Kids and money
Posted February 2016
Teaching kids about the value of money
Most kids will go through a stage of thinking money just comes out of the money machine and doesn’t cost a thing, or if you don’t have cash just use the magic plastic card…
It’s important to gently steer them straight and explain that money doesn’t magically appear, it comes from hard work and unfortunately it's limited. Make them aware that there are things to pay for that they may not see e.g. living costs, power, internet, insurance etc.
You don’t need to go into too much detail, just enough so they understand that all these little costs help keep them safe, healthy and happy. Have open discussions about where your money goes, when they ask for a treat explain that you have money but it needs to pay for groceries to feed the family, power to keep us warm and ensure the TV works and roof over your heads.

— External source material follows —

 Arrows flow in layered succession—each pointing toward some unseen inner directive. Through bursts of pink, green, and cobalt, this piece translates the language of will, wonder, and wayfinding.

Providing kids with pocket money is a great way to teach them about the value of money and how to manage their own budgets. The amount should depend on the age but remember that you are setting an expectation. Giving $10 a week to a 5 year old will mean that as they get older you’ll either need to fork out a $100 when they turn 10 or they won’t see the value in it and decide it isn’t worth doing their chores for a measly $10 anymore.
Whatever amount you decided to pay ensure they set a goal for their money and save a portion to go towards their goal with a little bit left over to spend (with your permission). When it comes to spending their money allow them to make mistakes and learn from them but also try and direct them towards making good choices.

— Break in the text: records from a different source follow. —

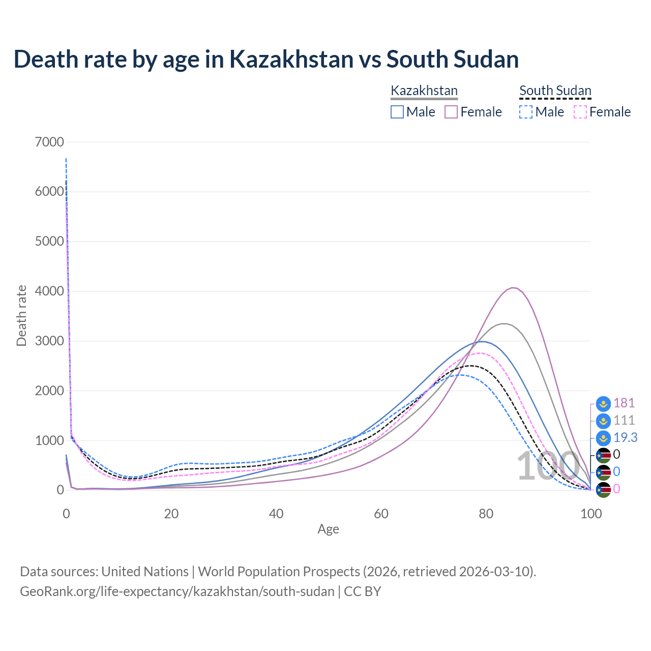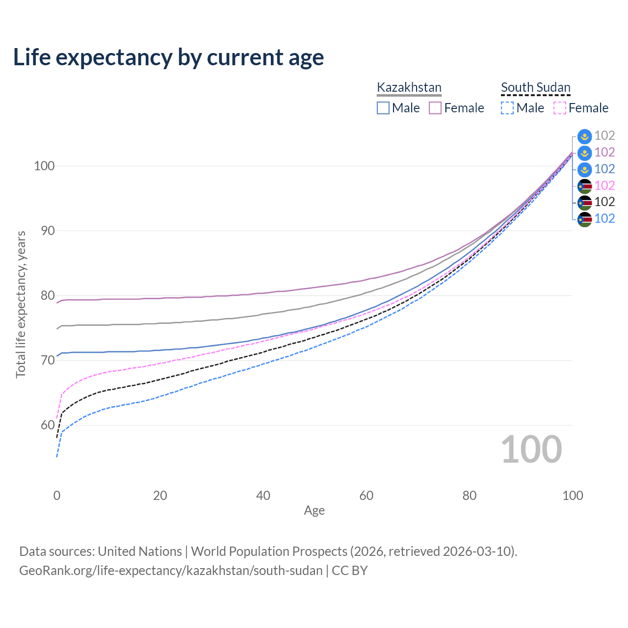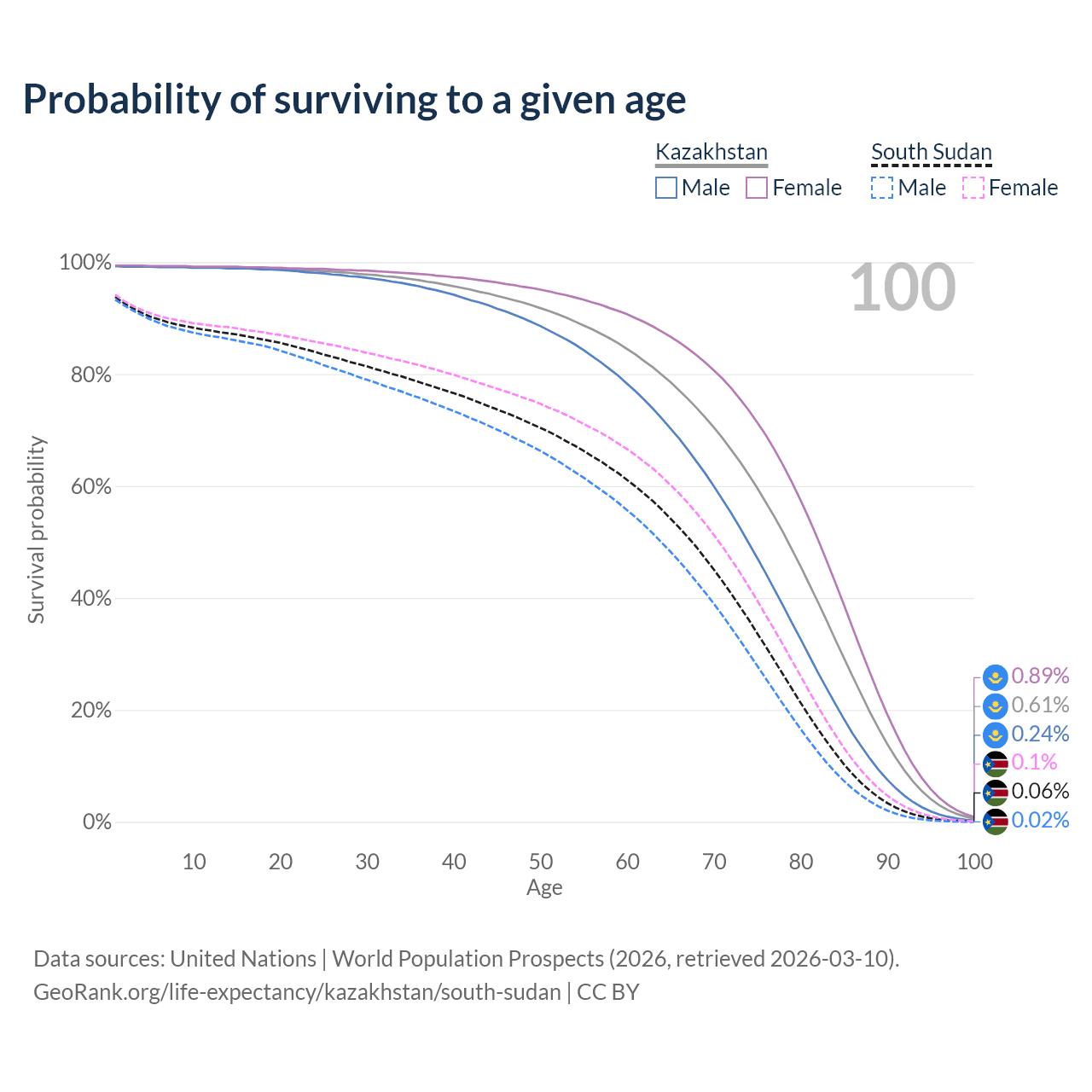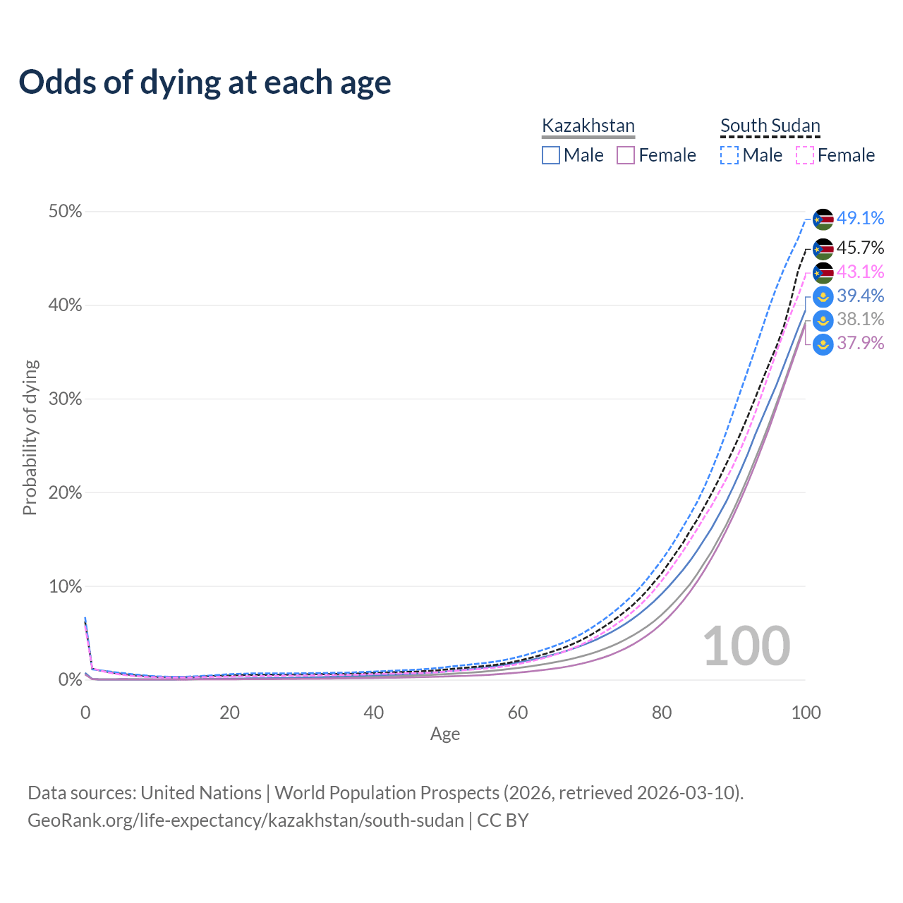 This life expectancy calculator shows the odds of living to 100, 95, 90, and below based on current age for both males and females in Kazakhstan and South Sudan, along with mean and median age of death. The calculations are based on the 2026 life tables (actuarial tables) from the UN World Population Prospects.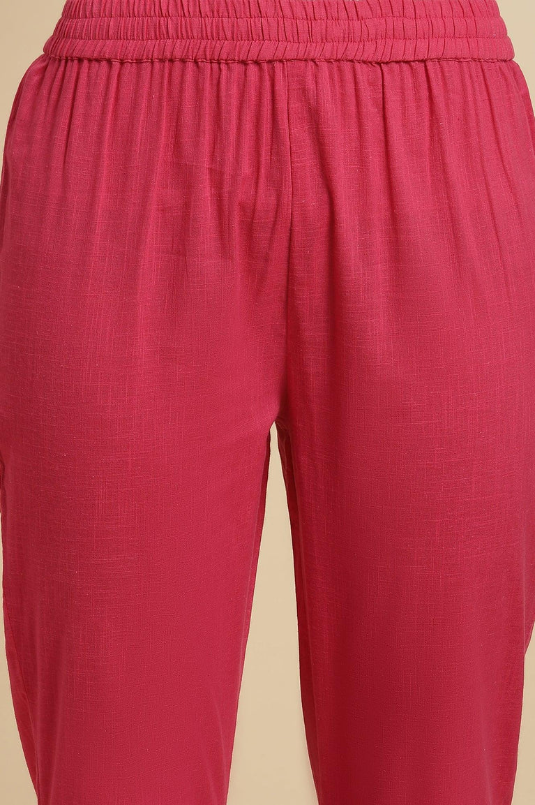 Elegant Yet Stylish! This Kurta Set Is A Must-Have To Spread Your Charm Even In A Light Festive Occasion Or At Home Event. The Set Includes Orchid Pink Solid Kurta Having Embellished V-Neck And Sleeves' Hemline. It Is Paired With Matching Solid Pants And Beautiful Jacquard Dupatta.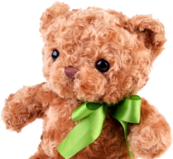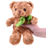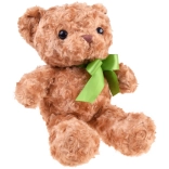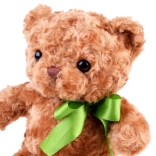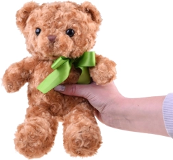Błyszczące czarne oczy, mały brązowy nosek i wyrazista zielona kokarda nadają zabawce charakterystyczny i przyjazny wygląd.

A great experiment that our Jimmy J school champions use at school presentations is to empty a bucket full of lolly wrappers on to the floor, then having a bucket full of gold coins and tip them out – which would they rather have? Empty wrappers or money!
Of course, at the end of the day they are kids and they don’t have the will power of (some) adults. Remember that you are the parent and you have the final say on how and when their money is spent.
In the digital age, more and more transactions are completed online without the need for cash. Although it is important to learn the value of cold-hard cash, it’s also important to teach your kids about how money works for you when it’s not in your hands.
Instead of giving the pocket money in cash, set up a bank account for the kids and have an automatic payment transfer the pocket money each week. Log into the bank account and show your kids how their money is growing. Explain that once they reach their goal, they can go to the bank and withdraw it.
This is a great way to remove temptation whilst allowing them to personally experience the satisfaction of achieving their financial goals.